● Directions for this task
Scan the records below for the line with "Pamuklu Relaxed Fit" and the line with "Did you know", and retype that range exactly, both ends included, pictures excepted.

● Working data
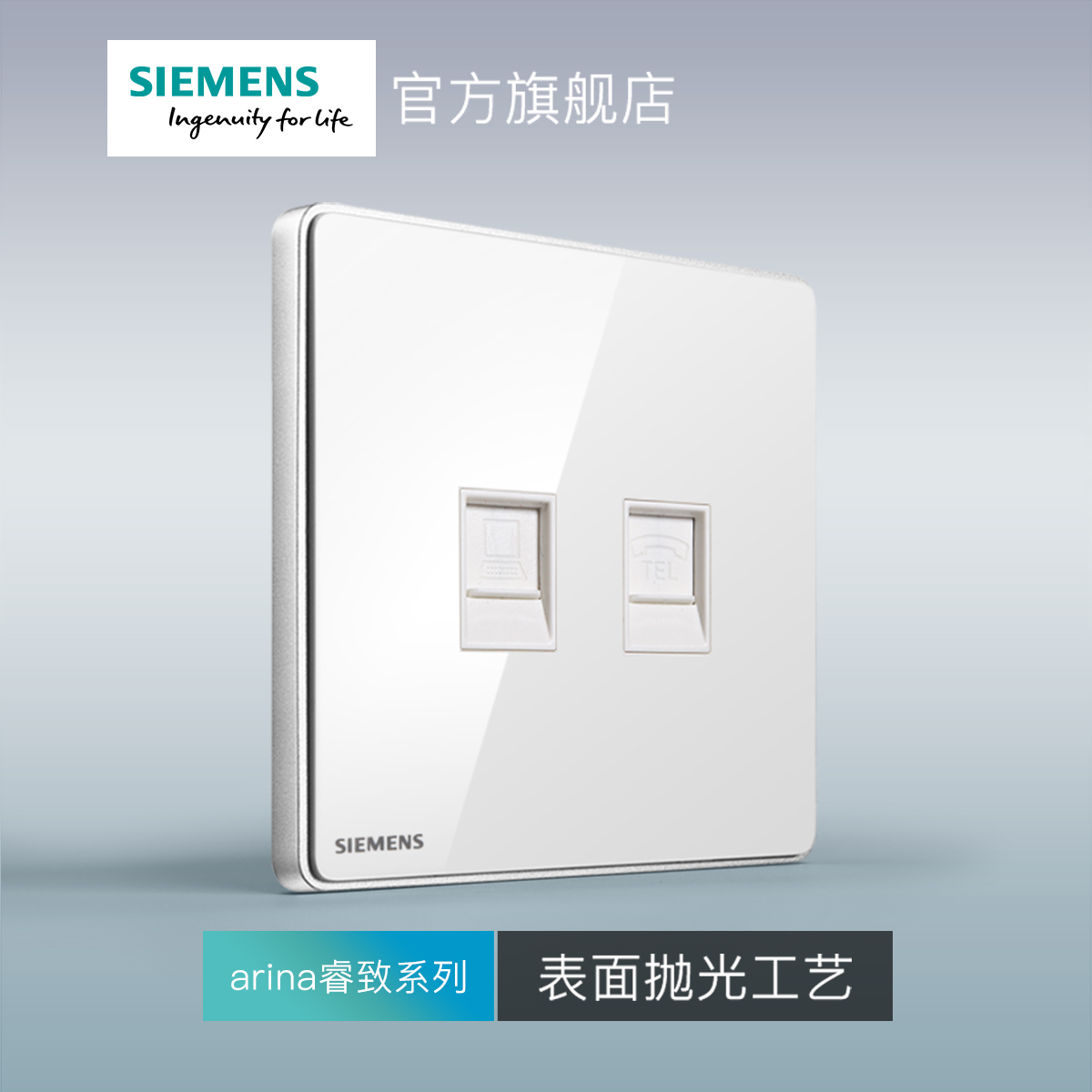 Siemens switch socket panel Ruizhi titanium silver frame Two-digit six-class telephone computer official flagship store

==

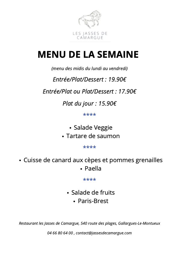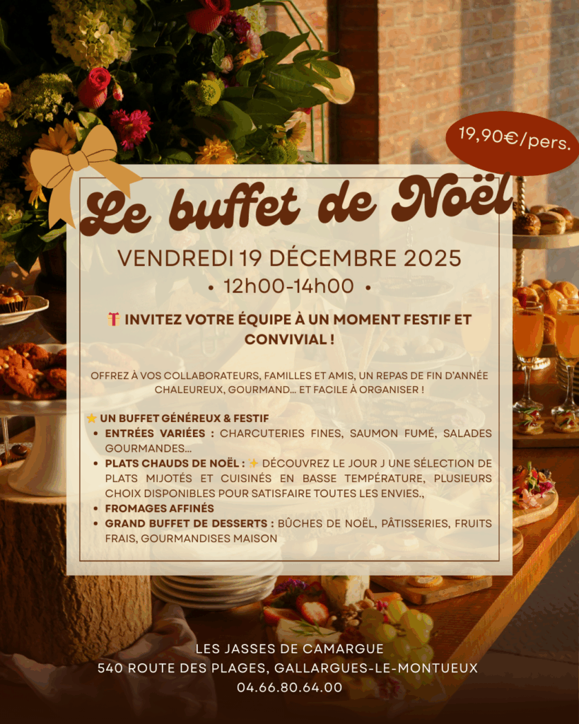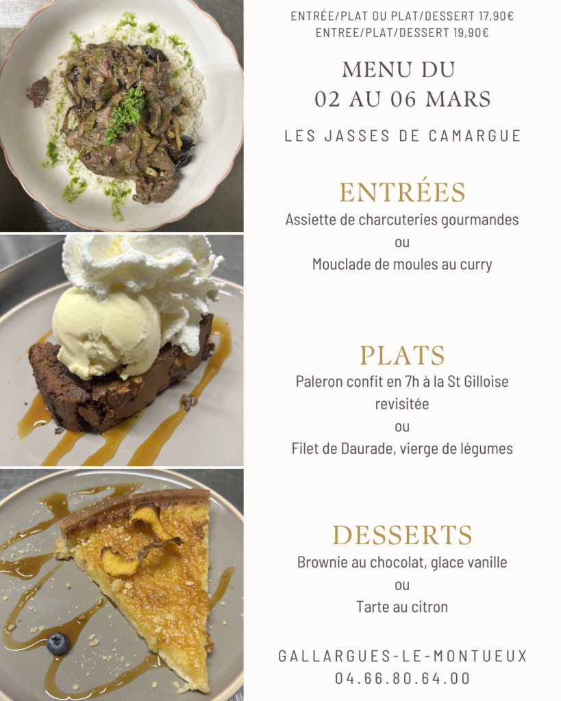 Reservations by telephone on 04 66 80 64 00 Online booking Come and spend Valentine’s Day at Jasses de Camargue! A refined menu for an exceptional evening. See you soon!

==

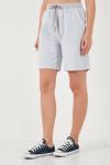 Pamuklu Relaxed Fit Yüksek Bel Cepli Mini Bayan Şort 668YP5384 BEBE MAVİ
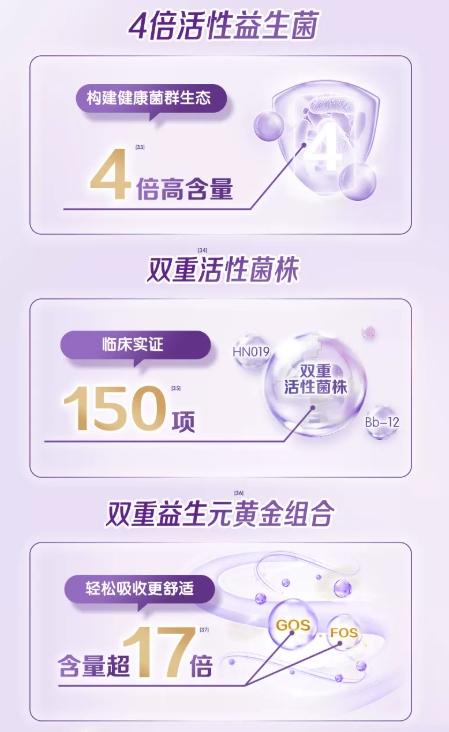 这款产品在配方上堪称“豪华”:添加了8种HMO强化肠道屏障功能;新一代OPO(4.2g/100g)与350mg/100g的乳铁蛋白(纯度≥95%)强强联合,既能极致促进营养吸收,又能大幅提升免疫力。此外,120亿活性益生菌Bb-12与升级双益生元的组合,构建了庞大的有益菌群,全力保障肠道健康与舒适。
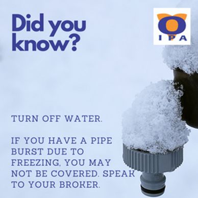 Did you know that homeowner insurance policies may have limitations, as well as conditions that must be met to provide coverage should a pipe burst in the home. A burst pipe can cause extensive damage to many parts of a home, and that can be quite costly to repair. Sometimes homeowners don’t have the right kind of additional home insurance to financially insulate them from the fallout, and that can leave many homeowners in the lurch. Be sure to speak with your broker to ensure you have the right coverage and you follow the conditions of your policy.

● The completed task
 Pamuklu Relaxed Fit Yüksek Bel Cepli Mini Bayan Şort 668YP5384 BEBE MAVİ
 这款产品在配方上堪称“豪华”:添加了8种HMO强化肠道屏障功能;新一代OPO(4.2g/100g)与350mg/100g的乳铁蛋白(纯度≥95%)强强联合,既能极致促进营养吸收,又能大幅提升免疫力。此外,120亿活性益生菌Bb-12与升级双益生元的组合,构建了庞大的有益菌群,全力保障肠道健康与舒适。
 Did you know that homeowner insurance policies may have limitations, as well as conditions that must be met to provide coverage should a pipe burst in the home. A burst pipe can cause extensive damage to many parts of a home, and that can be quite costly to repair. Sometimes homeowners don’t have the right kind of additional home insurance to financially insulate them from the fallout, and that can leave many homeowners in the lurch. Be sure to speak with your broker to ensure you have the right coverage and you follow the conditions of your policy.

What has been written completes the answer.